→ **Task to carry out**: Output the data below exactly, without images.

#### Records supplied

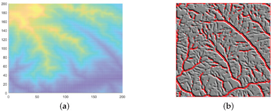 Figure 8a shows the topographic thermal map generated by MATLAB, with yellow representing shallow areas and blue representing deep areas. Figure 8b is the map generated by ArcGIS toolbox, which is formed by overlapping two layers, in which red represents ridge points (), which are obtained by binary classification. Moreover, the remaining gray protrusions represent ordinary depressed areas, which are determined as non-ridge areas (), because they are not enough to meet the criteria for judging ridges. The scale of the following experimental map is 1:30, that is, each pixel or grid represents 30 m.
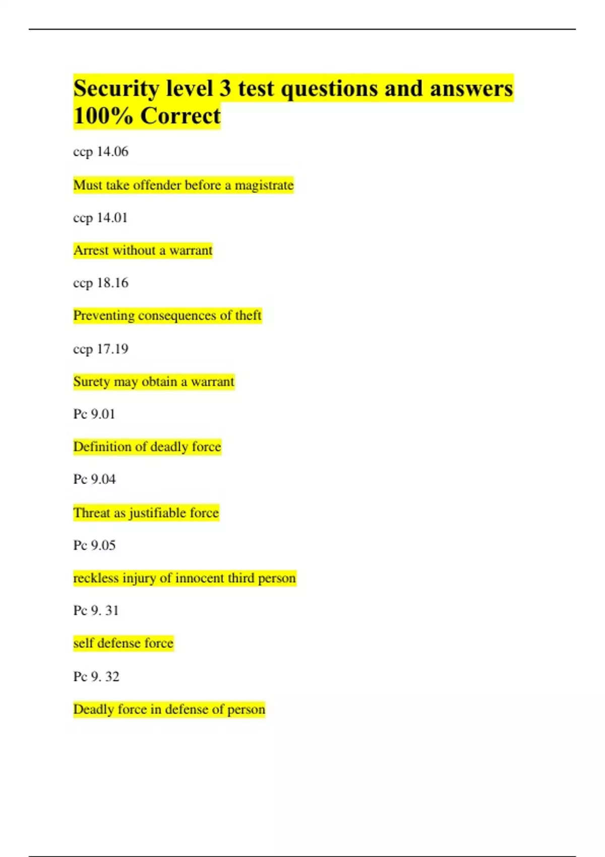 Security level 3 test questions and answers 100% Correct ccp 14.06 Must take offender before a magistrate ccp 14.01 Arrest without a warrant ccp 18.16 Preventing consequences of theft ccp 17.19 Surety may obtain a warrant
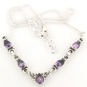 92.5 Sterling Silver Necklace Studded with Semi Precious Gemstones.
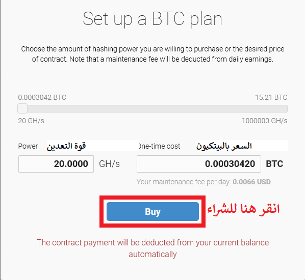 تنبثق لك نافذة لتحدد كم سوف تستثمر بالبيتكيون و ما هي قدرة التعدين التي سوف تحصل عليها في المقابل , اقل شئ يمكن شرائه هو 20 جيجا هاش 20 GH/s ما يعادل 2 دولار
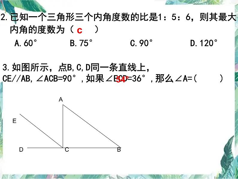 2.已知一个三角形三个内角度数的比是1:5:6,则其最大内角的度数为( ) A.60° B.75° C.90° D.120°
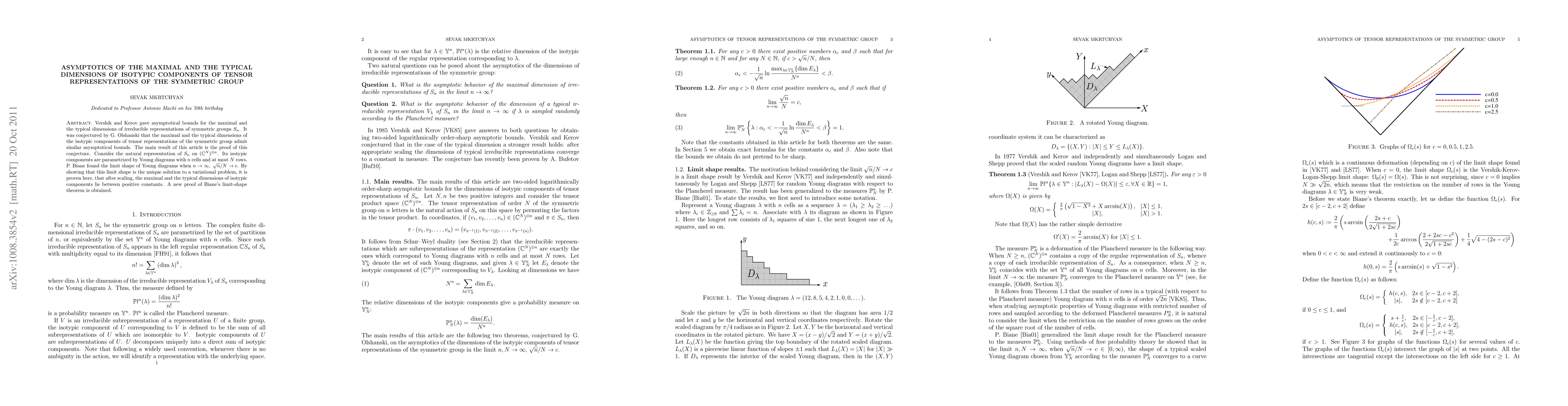 Vershik and Kerov gave asymptotical bounds for the maximal and the typical dimensions of irreducible representations of symmetric groups $S_n$. It was conjectured by G. Olshanski that the maximal and the typical dimensions of the isotypic components of tensor representations of the symmetric group admit similar asymptotical bounds. The main result of this article is the proof of this conjecture. Consider the natural representation of $S_n$ on $(\mathbb{C}^N)^{\otimes n}$. Its isotypic components are parametrized by Young diagrams with $n$ cells and at most $N$ rows. P. Biane found the limit shape of Young diagrams when $n\rightarrow\infty,\ \sqrt{n}/N\rightarrow c$. By showing that this limit shape is the unique solution to a variational problem, it is proven here, that after scaling, the maximal and the typical dimensions of isotypic components lie between positive constants. A new proof of Biane's limit-shape theorem is obtained.
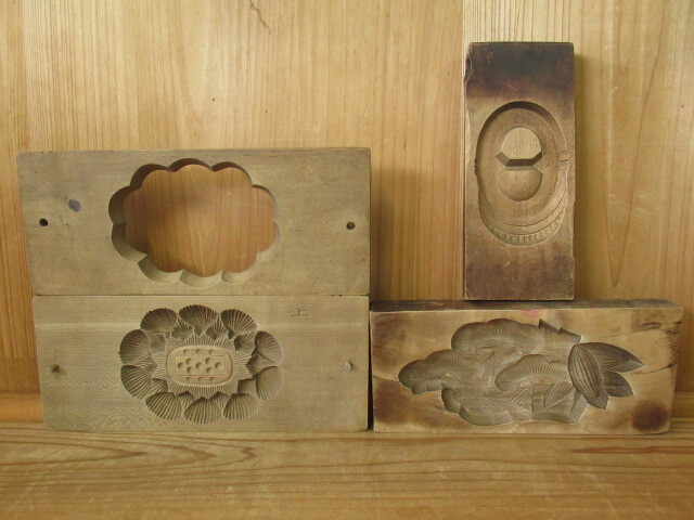 - ◆古い菓子型:26:◆『松』『花』『竹』◆3種3型◆木製菓子型◆手彫◆古道具◆造形美:民芸◆

########

→ **Your solution**:
 Figure 8a shows the topographic thermal map generated by MATLAB, with yellow representing shallow areas and blue representing deep areas. Figure 8b is the map generated by ArcGIS toolbox, which is formed by overlapping two layers, in which red represents ridge points (), which are obtained by binary classification. Moreover, the remaining gray protrusions represent ordinary depressed areas, which are determined as non-ridge areas (), because they are not enough to meet the criteria for judging ridges. The scale of the following experimental map is 1:30, that is, each pixel or grid represents 30 m.
 Security level 3 test questions and answers 100% Correct ccp 14.06 Must take offender before a magistrate ccp 14.01 Arrest without a warrant ccp 18.16 Preventing consequences of theft ccp 17.19 Surety may obtain a warrant
 92.5 Sterling Silver Necklace Studded with Semi Precious Gemstones.
 تنبثق لك نافذة لتحدد كم سوف تستثمر بالبيتكيون و ما هي قدرة التعدين التي سوف تحصل عليها في المقابل , اقل شئ يمكن شرائه هو 20 جيجا هاش 20 GH/s ما يعادل 2 دولار
 2.已知一个三角形三个内角度数的比是1:5:6,则其最大内角的度数为( ) A.60° B.75° C.90° D.120°
 Vershik and Kerov gave asymptotical bounds for the maximal and the typical dimensions of irreducible representations of symmetric groups $S_n$. It was conjectured by G. Olshanski that the maximal and the typical dimensions of the isotypic components of tensor representations of the symmetric group admit similar asymptotical bounds. The main result of this article is the proof of this conjecture. Consider the natural representation of $S_n$ on $(\mathbb{C}^N)^{\otimes n}$. Its isotypic components are parametrized by Young diagrams with $n$ cells and at most $N$ rows. P. Biane found the limit shape of Young diagrams when $n\rightarrow\infty,\ \sqrt{n}/N\rightarrow c$. By showing that this limit shape is the unique solution to a variational problem, it is proven here, that after scaling, the maximal and the typical dimensions of isotypic components lie between positive constants. A new proof of Biane's limit-shape theorem is obtained.
 - ◆古い菓子型:26:◆『松』『花』『竹』◆3種3型◆木製菓子型◆手彫◆古道具◆造形美:民芸◆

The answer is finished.